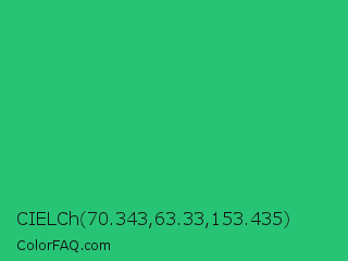 CIELCh 70.343,63.33,153.435 Color is a normal green color and the nearest color is UFO Green #3cd070. Hex code #28c476 and RGB value is rgb(40,196,118). In RGB color space, this color is composed of 16% red, 77% green, 46% blue, In CMYK color space, this color is composed of 80% cyan, 0% magenta, 40% yellow , 23% black , In HSL color space, this color has a hue angle of 150° , 66% saturation and 46% lightness.
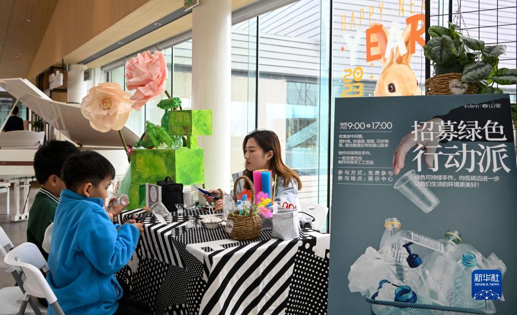 3月11日,在天津市薊州區“eden春山里”生態(tài)教育國際生活示范區,一名老師帶領(lǐng)小朋友進(jìn)行綠色可持續手工創(chuàng )作。
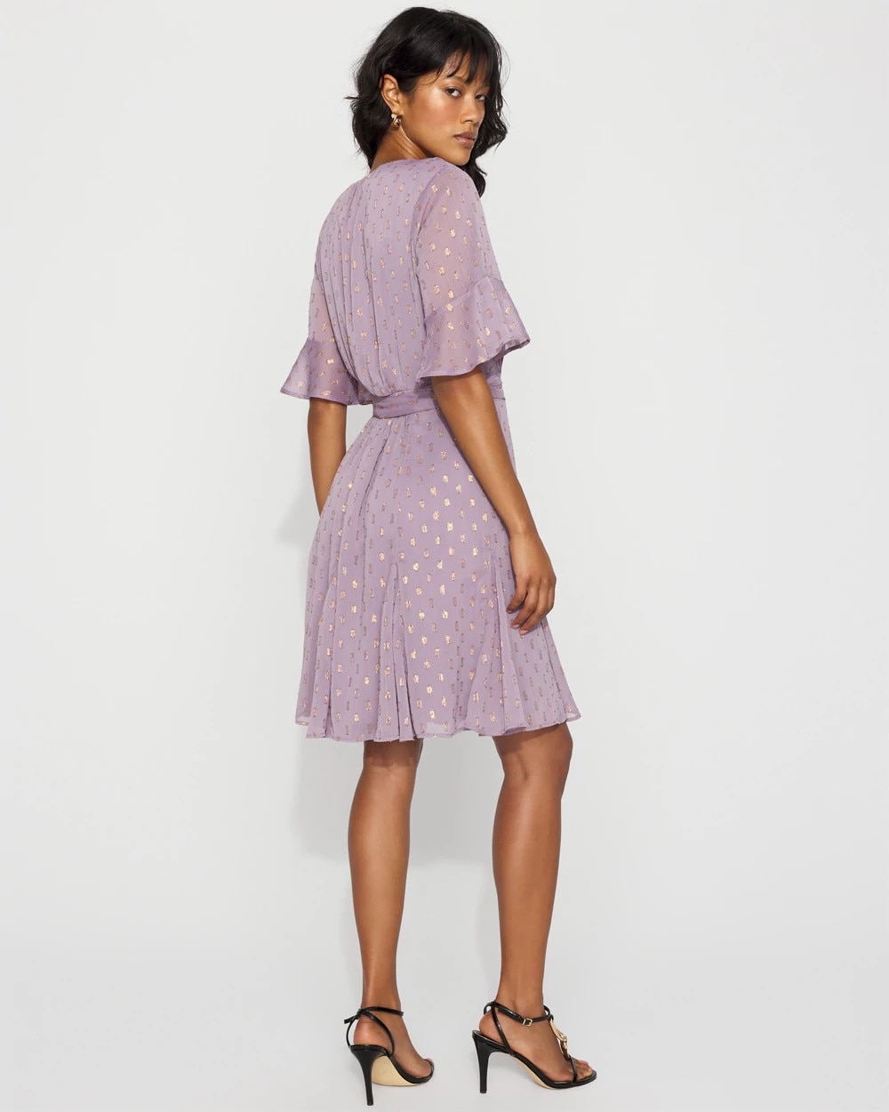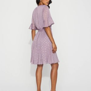 Dress for work or play in stunning dress crafted from a chiffon fabric with metallic clip dots for shine. The Godet pleats at the hem are a flirty detail that moves with you. The elbow sleeves and V-neck allow you to get creative with accessories. The tie-waist is removable.
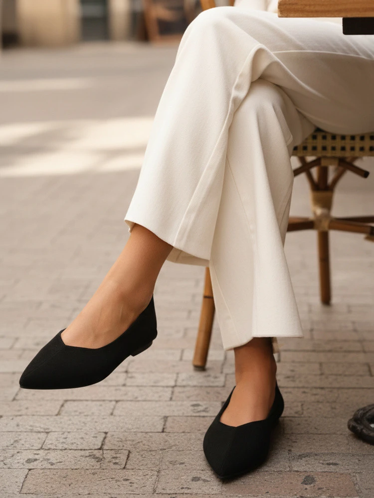 Eleganckie baleriny damskie o minimalistycznym fasonie z subtelnie wydłużonym noskiem w szpic. Smukła linia optycznie wysmukla stopę i nadaje stylizacji lekkości. Płaska podeszwa zapewnia komfort podczas codziennego użytkowania. Model sprawdzi się zarówno w stylizacjach casualowych, jak i bardziej formalnych zestawieniach.

+ + + + +

Activity
Exclude the pictures, and transcribe all of the material exactly.

Your response
 CIELCh 70.343,63.33,153.435 Color is a normal green color and the nearest color is UFO Green #3cd070. Hex code #28c476 and RGB value is rgb(40,196,118). In RGB color space, this color is composed of 16% red, 77% green, 46% blue, In CMYK color space, this color is composed of 80% cyan, 0% magenta, 40% yellow , 23% black , In HSL color space, this color has a hue angle of 150° , 66% saturation and 46% lightness.
 3月11日,在天津市薊州區“eden春山里”生態(tài)教育國際生活示范區,一名老師帶領(lǐng)小朋友進(jìn)行綠色可持續手工創(chuàng )作。
 Dress for work or play in stunning dress crafted from a chiffon fabric with metallic clip dots for shine. The Godet pleats at the hem are a flirty detail that moves with you. The elbow sleeves and V-neck allow you to get creative with accessories. The tie-waist is removable.
 Eleganckie baleriny damskie o minimalistycznym fasonie z subtelnie wydłużonym noskiem w szpic. Smukła linia optycznie wysmukla stopę i nadaje stylizacji lekkości. Płaska podeszwa zapewnia komfort podczas codziennego użytkowania. Model sprawdzi się zarówno w stylizacjach casualowych, jak i bardziej formalnych zestawieniach.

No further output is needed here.